> **EXERCISE BRIEF**
Exclude pictures and give again exactly the lines of the listing, beginning with its first line and ending with the one that contains "Масло для мототехники".

**** AVAILABLE RECORDS

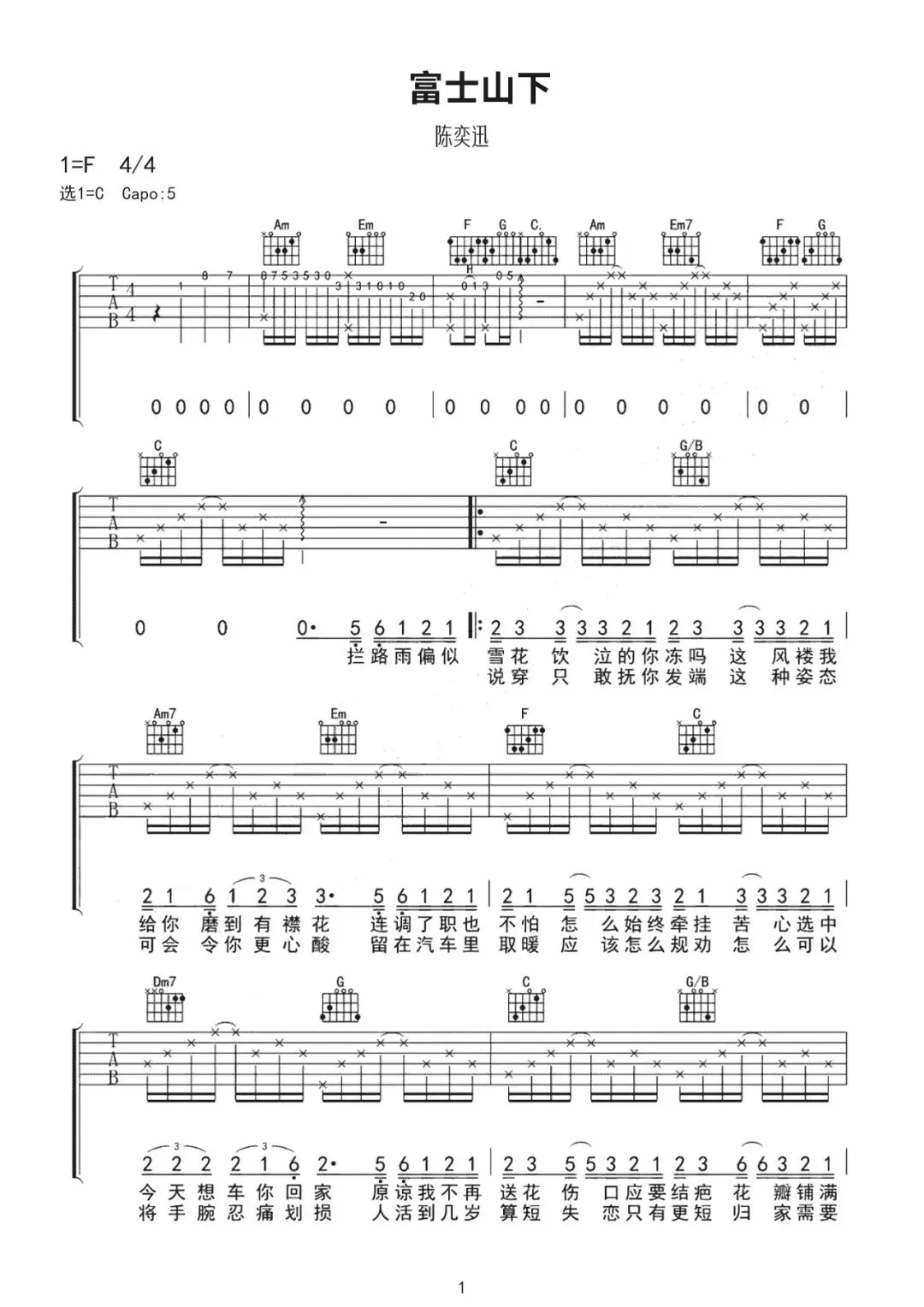 《富士山下》是粤语情歌巅峰之作,2006年发行。林夕用“富士山爱情论”隐喻放手哲学,陈奕迅的演唱克制却充满故事感,把爱而不得的遗憾唱得很真实。这首歌的吉他旋律线清晰,适合练习单音旋律弹奏,能锻炼手指灵活性,同时体会歌曲里的放手心境。
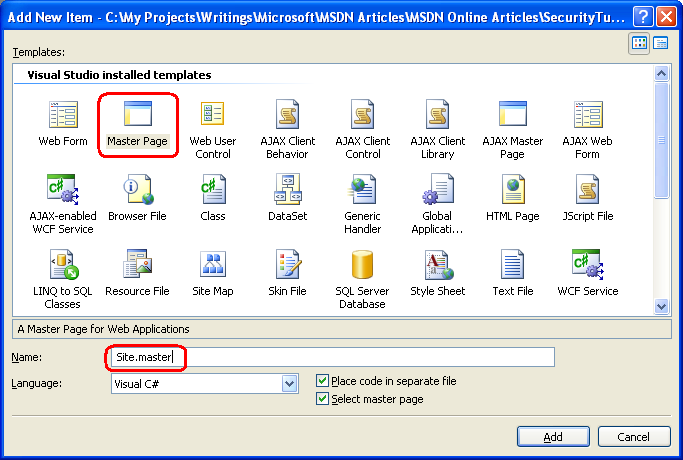 Figure 3: Add a Master Page Named Site.master to the Website (Click to view full-size image)
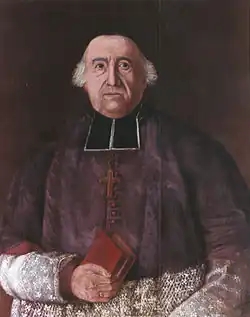 He notably excommunicated Maryland-born Jesuit priest John Carroll, when the latter tried to encourage Canadians to join the revolution or at least remain neutral. Carroll was apparently somewhat ambiguous about a clergyman being involved in political matters, took opportunity to accompany the ailing Franklin back to Philadelphia.[6]
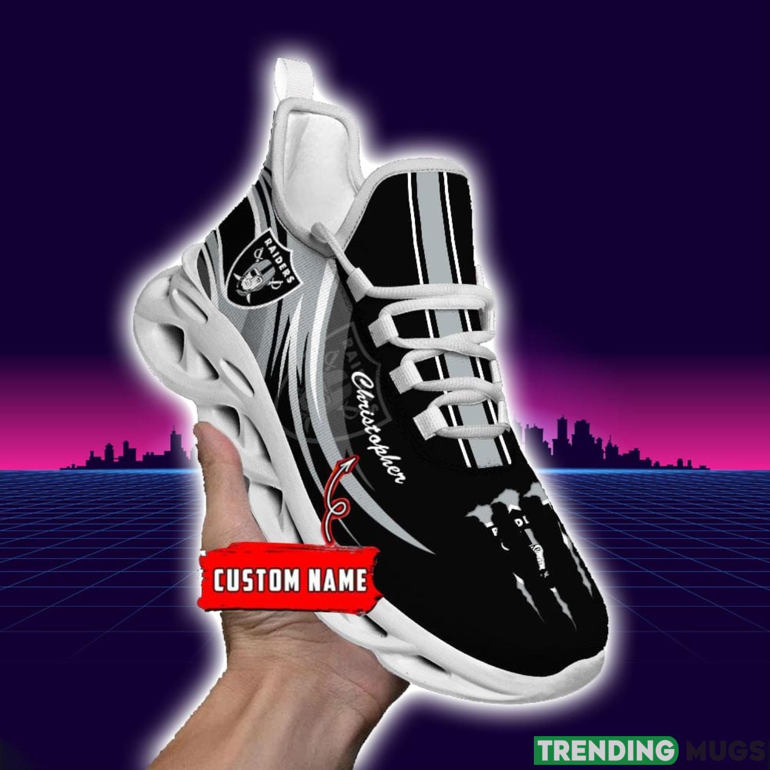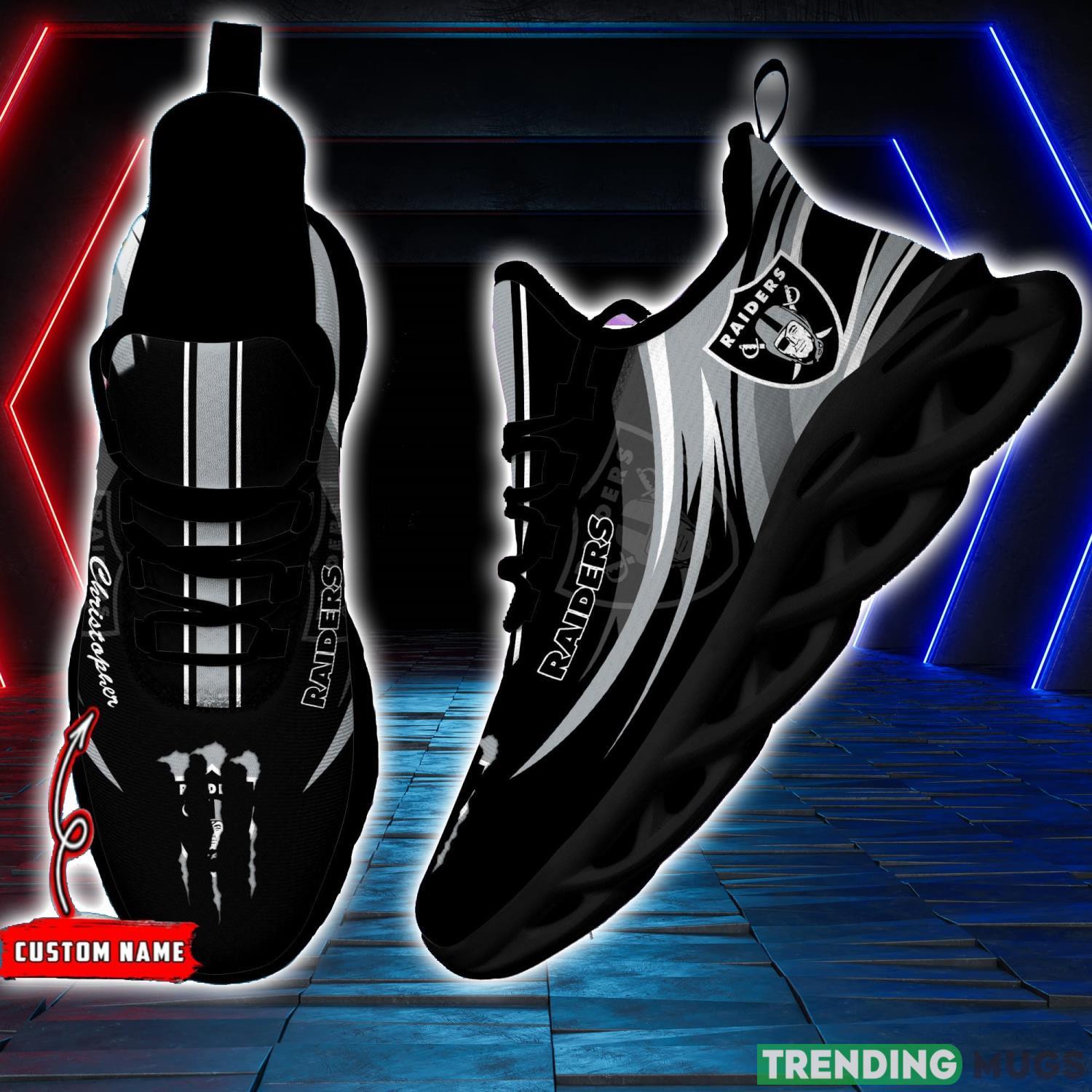 The NFL Sport Fans Las Vegas Raiders Personalized Name Max Soul Sneakers are the ultimate gift for any dedicated football enthusiast. These sneakers showcase your unwavering support for the Las Vegas Raiders while adding a personalized touch to your style.
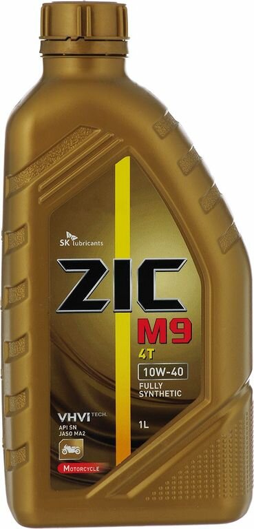 Масло для мототехники ZIC M9 4T 10w40, синтетическое, API SN, JASO MA2, 4-тактное, 1л, арт. 132026
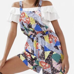 Playful patchwork 🌸 Anthropologie x Corey Lynn Calter short overalls romper. Button strap style with allover vibrant quilt-inspired floral print. Size Medium, used good condition.
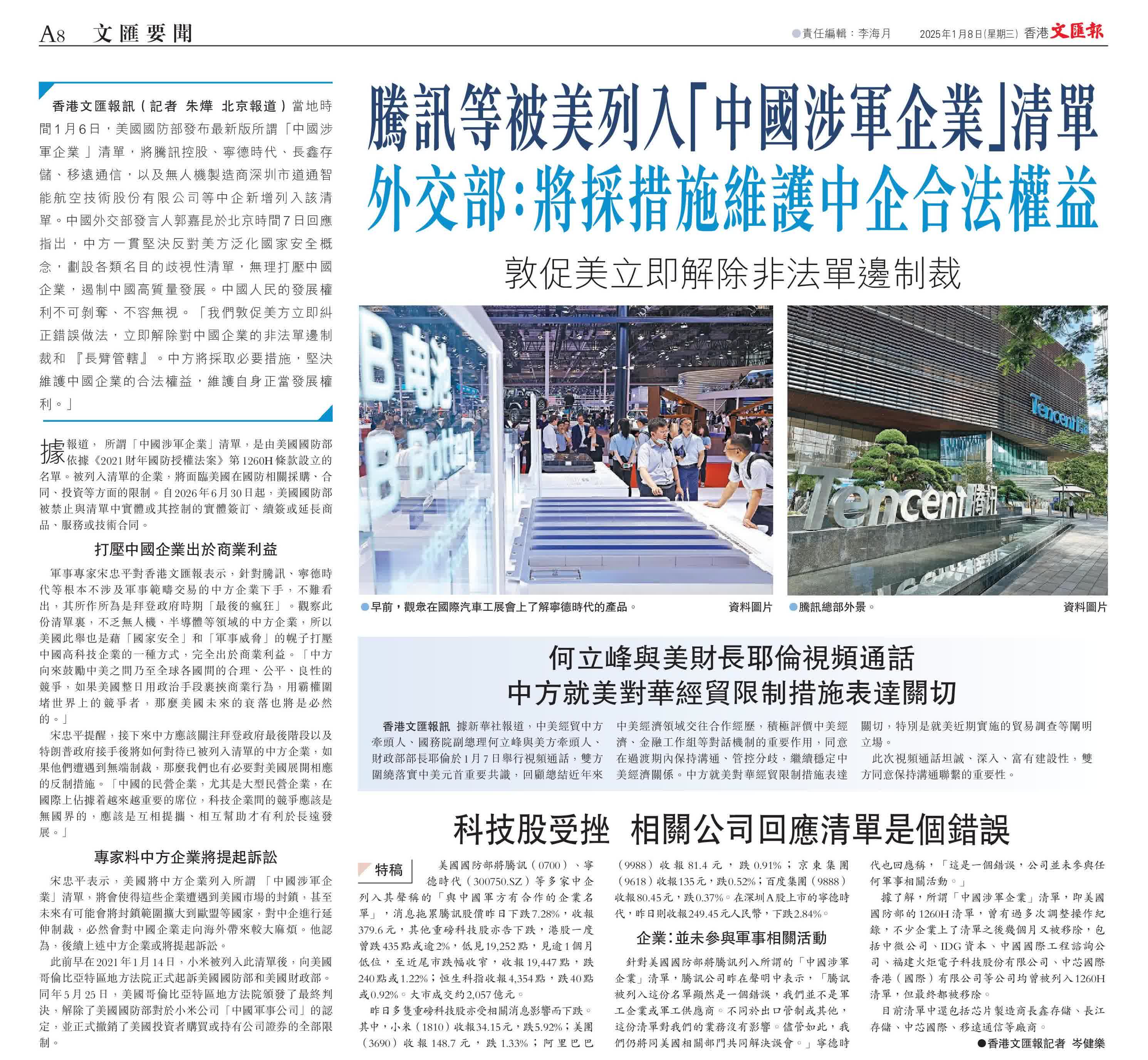 (香港文匯報 記者 朱燁、岑健樂)當地時間1月6日,美國國防部發布最新版所謂「中國涉軍企業」清單,將騰訊控股、寧德時代、長鑫存儲、移遠通信,以及無人機製造商深圳市道通智能航空技術股份有限公司等中企新增列入該清單。中國外交部發言人郭嘉昆於北京時間7日回應指出,中方一貫堅決反對美方泛化國家安全概念,劃設各類名目的歧視性清單,無理打壓中國企業,遏制中國高質量發展。中國人民的發展權利不可剝奪、不容無視。「我們敦促美方立即糾正錯誤做法,立即解除對中國企業的非法單邊制裁和 『長臂管轄』。中方將採取必要措施,堅決維護中國企業的合法權益,維護自身正當發展權利。」

********

> **SOLUTION BELOW**
 《富士山下》是粤语情歌巅峰之作,2006年发行。林夕用“富士山爱情论”隐喻放手哲学,陈奕迅的演唱克制却充满故事感,把爱而不得的遗憾唱得很真实。这首歌的吉他旋律线清晰,适合练习单音旋律弹奏,能锻炼手指灵活性,同时体会歌曲里的放手心境。
 Figure 3: Add a Master Page Named Site.master to the Website (Click to view full-size image)
 He notably excommunicated Maryland-born Jesuit priest John Carroll, when the latter tried to encourage Canadians to join the revolution or at least remain neutral. Carroll was apparently somewhat ambiguous about a clergyman being involved in political matters, took opportunity to accompany the ailing Franklin back to Philadelphia.[6]
 The NFL Sport Fans Las Vegas Raiders Personalized Name Max Soul Sneakers are the ultimate gift for any dedicated football enthusiast. These sneakers showcase your unwavering support for the Las Vegas Raiders while adding a personalized touch to your style.
 Масло для мототехники ZIC M9 4T 10w40, синтетическое, API SN, JASO MA2, 4-тактное, 1л, арт. 132026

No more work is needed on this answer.